I am trying to impute a data set that utilized planned missingness. The syntax is below:
fit.fiml = cfa(Test2.model, data=W12, estimator = "ML", missing = "FIML", control=list(rel.tol=1e-8, iter.max=1000), verbose=TRUE)
fit.aux <- auxiliary(fit.fiml, aux = auxvars, data = W12, estimator = "ML", missing = "FIML", fun= "cfa", control=list(rel.tol=1e-8, iter.max=1000), verbose=TRUE)
I am new to R and firstly would like to know if this is the correct syntax for adding auxiliary variables.
When this runs I get the following errors:
Error in validObject(.Object) :
invalid class “Fit” object: invalid object for slot "fx.group" in class "Fit": got class "NULL", should be or extend class "numeric"

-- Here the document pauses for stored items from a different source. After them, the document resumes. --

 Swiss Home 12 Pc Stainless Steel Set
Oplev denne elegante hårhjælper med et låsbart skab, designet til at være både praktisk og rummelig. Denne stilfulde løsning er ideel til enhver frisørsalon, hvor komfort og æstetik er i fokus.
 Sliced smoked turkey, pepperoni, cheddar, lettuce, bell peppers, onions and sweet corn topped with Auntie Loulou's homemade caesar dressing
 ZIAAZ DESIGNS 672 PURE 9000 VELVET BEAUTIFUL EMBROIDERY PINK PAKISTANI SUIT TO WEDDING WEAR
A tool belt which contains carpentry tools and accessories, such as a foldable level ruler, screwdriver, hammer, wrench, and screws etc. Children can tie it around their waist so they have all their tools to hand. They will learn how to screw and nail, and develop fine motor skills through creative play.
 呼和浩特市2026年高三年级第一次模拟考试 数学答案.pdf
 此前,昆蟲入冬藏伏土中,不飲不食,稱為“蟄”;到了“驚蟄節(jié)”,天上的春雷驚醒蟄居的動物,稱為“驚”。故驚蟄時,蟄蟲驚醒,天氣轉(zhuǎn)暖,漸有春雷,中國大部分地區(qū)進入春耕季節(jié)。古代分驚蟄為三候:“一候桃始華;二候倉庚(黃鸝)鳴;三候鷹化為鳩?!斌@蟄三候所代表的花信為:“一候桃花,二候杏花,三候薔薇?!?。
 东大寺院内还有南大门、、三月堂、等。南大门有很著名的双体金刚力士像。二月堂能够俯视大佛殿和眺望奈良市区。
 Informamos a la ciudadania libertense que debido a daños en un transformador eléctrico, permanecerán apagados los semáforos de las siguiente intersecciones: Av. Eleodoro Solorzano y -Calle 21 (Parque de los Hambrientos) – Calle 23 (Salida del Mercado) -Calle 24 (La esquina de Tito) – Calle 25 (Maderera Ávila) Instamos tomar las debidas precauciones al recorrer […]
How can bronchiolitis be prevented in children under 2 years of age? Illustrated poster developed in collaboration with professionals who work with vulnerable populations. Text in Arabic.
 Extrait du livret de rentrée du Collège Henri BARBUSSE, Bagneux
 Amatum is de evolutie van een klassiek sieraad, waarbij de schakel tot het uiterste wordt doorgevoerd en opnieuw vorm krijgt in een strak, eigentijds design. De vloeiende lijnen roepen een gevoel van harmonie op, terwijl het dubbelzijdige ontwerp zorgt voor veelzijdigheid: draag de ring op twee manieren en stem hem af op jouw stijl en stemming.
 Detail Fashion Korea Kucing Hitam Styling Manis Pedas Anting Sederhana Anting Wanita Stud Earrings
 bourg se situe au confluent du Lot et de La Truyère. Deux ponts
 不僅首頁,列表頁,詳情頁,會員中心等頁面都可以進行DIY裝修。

In addition: Warning messages:
1: In lav_data_full(data = data, group = group, group.label = group.label, :
lavaan WARNING: some cases are empty and will be removed:
2 73 106
2: In lav_data_full(data = data, group = group, group.label = group.label, :
lavaan WARNING: due to missing values, some pairwise combinations have less than 10% coverage
3: In lavaan::lavaan(model = list(id = 1:589, lhs = c("OA", "OA", "OA", :
lavaan WARNING: model has NOT converged!
Any advice would be helpful. Thanks!